影向寺入り口右奥に大きな石があり、三重の塔の心礎と伝えられてます。ガイドによれば本堂の重文薬師如来三尊像は戦時中空襲の度に奥の板壁を外して避難させたとのこと、今は厳重な収蔵庫に安置。

 杉山神社
第三京浜道路を渡って影向寺道、稲毛道(?)、鎌倉古道(?)を通り杉山神社に向かいます。途中に拡幅されたような道路脇に新しい地蔵像が並び、 その先にブロック塀と頑丈な金網に囲まれた古い地蔵尊がありました。(写真左2枚)
その先の天台宗養福寺があります。さらにその先に杉山神社があります。
ガイドと宮司の話、それにネットで調べたところ、横浜、川崎に杉山神社は37社あり、町田市、稲城市に数社あるのみで、ほか全国にない、鶴見川流域にあるのが特徴で、 杉山神社を奉じる有力な一族がいたのではないか。
杉山神社は延喜式神名帳に名があり由緒ある神社であるが、現在のどの神社に当たるのかは分からない。 祭神は素戔嗚尊(スサノオ)の子、五十猛尊(イソタケルノミコト)で林業の神として信仰されている。私の散歩道にも杉山神社があり、急に身近になりました。

 明鏡寺と増幅寺
杉山神社を下った所に天台宗明鏡寺がります。三重の塔がきれいです。
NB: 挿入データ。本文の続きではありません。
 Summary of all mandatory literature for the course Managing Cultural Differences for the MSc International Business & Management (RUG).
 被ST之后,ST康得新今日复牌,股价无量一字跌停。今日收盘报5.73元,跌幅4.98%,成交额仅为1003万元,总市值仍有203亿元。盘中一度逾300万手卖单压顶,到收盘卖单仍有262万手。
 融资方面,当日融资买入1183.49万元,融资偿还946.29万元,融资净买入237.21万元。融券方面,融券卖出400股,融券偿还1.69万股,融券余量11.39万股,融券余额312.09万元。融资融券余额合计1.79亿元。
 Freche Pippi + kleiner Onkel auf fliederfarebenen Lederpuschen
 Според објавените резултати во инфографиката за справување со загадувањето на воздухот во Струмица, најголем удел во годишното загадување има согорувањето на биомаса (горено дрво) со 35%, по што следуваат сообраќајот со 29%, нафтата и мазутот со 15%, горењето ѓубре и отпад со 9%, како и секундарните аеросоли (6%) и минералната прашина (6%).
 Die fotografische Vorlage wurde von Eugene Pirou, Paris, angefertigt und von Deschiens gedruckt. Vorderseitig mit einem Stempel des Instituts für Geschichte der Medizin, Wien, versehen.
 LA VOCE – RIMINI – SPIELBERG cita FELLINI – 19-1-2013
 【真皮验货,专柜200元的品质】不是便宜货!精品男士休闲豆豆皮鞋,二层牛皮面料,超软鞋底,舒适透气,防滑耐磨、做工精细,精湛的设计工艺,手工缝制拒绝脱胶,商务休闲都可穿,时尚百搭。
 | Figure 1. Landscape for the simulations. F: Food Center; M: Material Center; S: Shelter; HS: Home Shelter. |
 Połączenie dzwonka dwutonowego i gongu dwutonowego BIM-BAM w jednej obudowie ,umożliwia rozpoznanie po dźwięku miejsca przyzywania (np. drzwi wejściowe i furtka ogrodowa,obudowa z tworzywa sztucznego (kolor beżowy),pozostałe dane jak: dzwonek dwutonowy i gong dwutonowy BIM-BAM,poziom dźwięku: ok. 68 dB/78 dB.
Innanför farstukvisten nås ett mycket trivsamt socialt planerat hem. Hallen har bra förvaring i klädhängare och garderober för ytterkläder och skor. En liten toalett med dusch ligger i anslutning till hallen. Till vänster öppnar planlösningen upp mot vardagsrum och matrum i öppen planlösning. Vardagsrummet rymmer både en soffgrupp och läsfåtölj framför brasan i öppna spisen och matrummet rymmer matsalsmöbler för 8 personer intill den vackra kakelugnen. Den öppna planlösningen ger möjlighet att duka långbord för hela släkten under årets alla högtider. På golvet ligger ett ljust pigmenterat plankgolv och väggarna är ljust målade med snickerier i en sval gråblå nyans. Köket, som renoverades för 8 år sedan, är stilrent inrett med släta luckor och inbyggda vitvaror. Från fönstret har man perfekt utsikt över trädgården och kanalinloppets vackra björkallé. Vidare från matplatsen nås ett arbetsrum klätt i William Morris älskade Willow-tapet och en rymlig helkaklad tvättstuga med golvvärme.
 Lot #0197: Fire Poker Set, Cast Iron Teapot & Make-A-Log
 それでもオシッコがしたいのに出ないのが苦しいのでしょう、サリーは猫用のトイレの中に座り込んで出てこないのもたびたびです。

少し歩いて坂のコンクリート壁の中にイボ取り地蔵がありました。坂を上がると増幅寺でお茶と煎餅の接待を 受けました。

 口明塚古墳
マンションの玄関横に小さな丸い土盛りに「口明塚」と記された石柱が立ってます。くちあけと読みます。横穴式石室を円墳と推定されてます。住居と古墳が隣り合わせとは、 ちょっと気になりますが。

 
 末永の道標
田園都市線を越えて大山街道に直交する所に、末永の庚申塔に着きます。小さな建家に安置され、「右大山道 左ようこうじ道」としるされてます。


 お化け灯籠
青少年の家まで歩きます。ここに「武蔵野音頭」の碑があり、歌手に音丸の名があります。懐かしい名です。ガイドさんによればこの音頭も複雑な経緯でできたようです。 青少年の家の奥にお化け灯籠があります。旧日本陸軍東部62部隊が現在の六本木からこの地に移転するとき一緒に移したものです。石灯籠が夜歩きをするという噂が立ち、 灯籠の足を切ったという伝えがあります。
ここから大山街道に戻り、三叉集落庚申堂跡に着きます。今はありませんが庚申堂は「鮎担人足」の休憩所で鮎の上物は東京へ、その他は横浜に運ばれたとか。 また、百姓はむろを使った早咲きの花卉栽培で裕福な暮らしをしたとかのガイドの話でした。
予定より少し遅れて崎台駅に出て解散しました。距離にすれば短い区間ですが、新旧の施設にまつわる話を聞きながらの歩きは楽しい時間でした。 第1回目と同様に若い区役所職員が終始付かれ、私たちの安全に注意されました。ありがとうございました。